→ **Your objective**
Your answer must be exactly the lines from the one containing "춤, 2013, 한지에 먹, 밀가루, 162 cm x 130 cm" through the end of the material, both ends included, without pictures.
[[ Data block open ]]
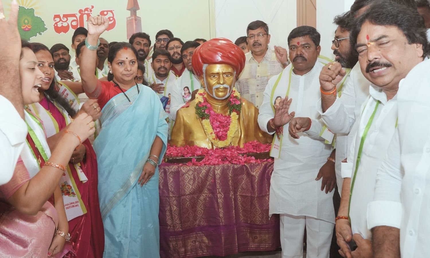 صدر تلنگانہ جاگروتی کلواکنٹلہ کویتا نے جیوتی راؤ پھولے کی جینتی کے موقع پر ان کے مجسمہ پر گلہائے عقیدت پیش کئے اور ان کی خدمات کو خراج عقیدت پیش کیا۔ انہوں نے کہا کہ پھولے کے نظریات کو عملی جامہ پہنانا ہی ان کے لئے حقیقی خراج ہوگا۔ اس موقع پر جاگروتی کے قائدین بھی موجود تھے۔کویتا نے کہا کہ جاگروتی پسماندہ طبقات کے حقوق کے لئے اس انداز میں جدوجہد کر رہی ہے کہ گویا پھولے دوبارہ جنم لے چکے ہوں۔ انہوں نے کہا کہ قانون ساز اداروں میں خواتین ریزرویشن میں بی سی خواتین کے لئے سب کوٹہ کے حصول تک جدوجہد جاری رکھی جائے گی اور مرکز کو اس مطالبہ کی قبولیت پر مجبور کیا جائے گا۔انہوں نے کہا کہ رواں ماہ کی 16، 17 اور 18 تاریخ کو پارلیمنٹ میں خواتین بل پر بحث متوقع ہے اور ضرورت پڑنے پر وہ دہلی جا کر تمام سیاسی جماعتوں سے اس معاملہ میں بات کریں گی۔ انہوں نے خبردار کیا کہ صرف اکثریت کی بناپر بل منظور کر لیا گیا تو جاگروتی خاموش نہیں بیٹھے گی اور بی سی خواتین کے لئے سب کوٹہ حاصل ہونے تک تحریک جاری رکھی جائے گی۔کویتا نے الزام عائد کیا کہ خواتین ریزرویشن بل میں بی سی خواتین کے لئے سب کوٹہ شامل نہ کرنا اس بات کی علامت ہے کہ حکمرانوں کو اس طبقہ کے حقوق کی کوئی پرواہ نہیں ہے۔ انہوں نے کہا کہ اس ناانصافی کے خلاف ایسی تحریک چلائی جائے گی جس سے مرکز کو فیصلہ بدلنے پر مجبور ہونا پڑے۔انہوں نے جیوتی راؤ پھولے کے مجسمہ کی تنصیب میں حکومت کی لاپرواہی پر بھی ناراضگی ظاہر کرتے ہوئے کہا کہ حکومت نے جینتی تک مجسمہ مکمل کرنے کا وعدہ کیا تھا، مگر اب تک اس پر عمل نہیں ہوا۔ انہوں نے مطالبہ کیا کہ کم از کم ڈاکٹر بی آر امبیڈکر جینتی تک پھولے کا مجسمہ مکمل کیا جائے۔کویتا نے کہا کہ جیوتی راؤ پھولے نے بے شمار مشکلات اور توہین کے باوجود کبھی اپنے اصولوں سے سمجھوتہ نہیں کیا اور سماجی انصاف کے لئے مسلسل جدوجہد کرتے رہے۔ انہوں نے کہا کہ کسی بھی سماجی انقلاب کی بنیاد قربانی ہوتی ہے اور اگر معاشرے میں تبدیلی لانی ہے تو ہمیں خود اپنے اندر تبدیلی سے اس کا آغاز کرنا ہوگا۔انہوں نے کہا کہ جاگروتی کو فخر ہے کہ ملک میں خواتین ریزرویشن بل کو حقیقت بنانے میں اس کی تحریک کا اہم کردار رہا ہے مگر اس میں بی سی خواتین کے لئے سب کوٹہ شامل نہ ہونا ایک بڑی خامی ہے جسے دور کرنا ضروری ہے۔کویتا نے محکمہ برقی کے آؤٹ سورسنگ ملازمین کو مستقل کرنے کا مطالبہ کرتے ہوئے کہا کہ ان کے احتجاج کو دبانے کی کوشش کی جا رہی ہے، جس کی وہ مذمت کرتی ہیں۔ انہوں نے اعلان کیا کہ جاگروتی ان ملازمین کی جدوجہد کی مکمل حمایت کرے گی اور ان کے حق کے لئے آواز بلند کرتی رہے گی۔انہوں نے کہا کہ گزشتہ حکومت کے دور میں ان ملازمین کی تنخواہوں میں اضافہ کرنے کی کوشش کی گئی تھی اور آج انہیں ماہانہ 40 ہزار روپئے تک تنخواہ ملنے میں جاگروتی کا بھی کردار رہا ہے۔آخر میں کویتا نے کہا کہ جیوتی راؤ پھولے کے نظریات پر عمل کرتے ہوئے سماجی انصاف کے قیام کےلئےجدوجہد جاری رکھی جائے گی اور عوام کے حقوق کے تحفظ کے لئے ہر ممکن قدم اٹھایا جائے گا۔
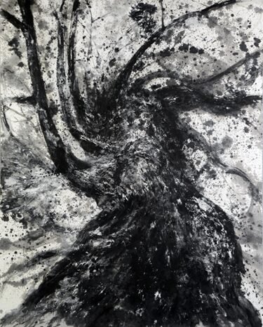 춤, 2013, 한지에 먹, 밀가루, 162 cm x 130 cm
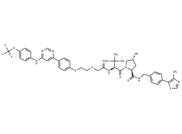 – Cc1ncsc1-c1ccc(CNC(=O)[C@@H]2C[C@@H](O)CN2C(=O)[C@@H](NC(=O)COCCOc2ccc(cc2)-c2cc(Nc3ccc(OC(F)(F)F)cc3)ncn2)C(C)(C)C)cc1
[[ Data block closed ]]
→ **Result**
 춤, 2013, 한지에 먹, 밀가루, 162 cm x 130 cm
 – Cc1ncsc1-c1ccc(CNC(=O)[C@@H]2C[C@@H](O)CN2C(=O)[C@@H](NC(=O)COCCOc2ccc(cc2)-c2cc(Nc3ccc(OC(F)(F)F)cc3)ncn2)C(C)(C)C)cc1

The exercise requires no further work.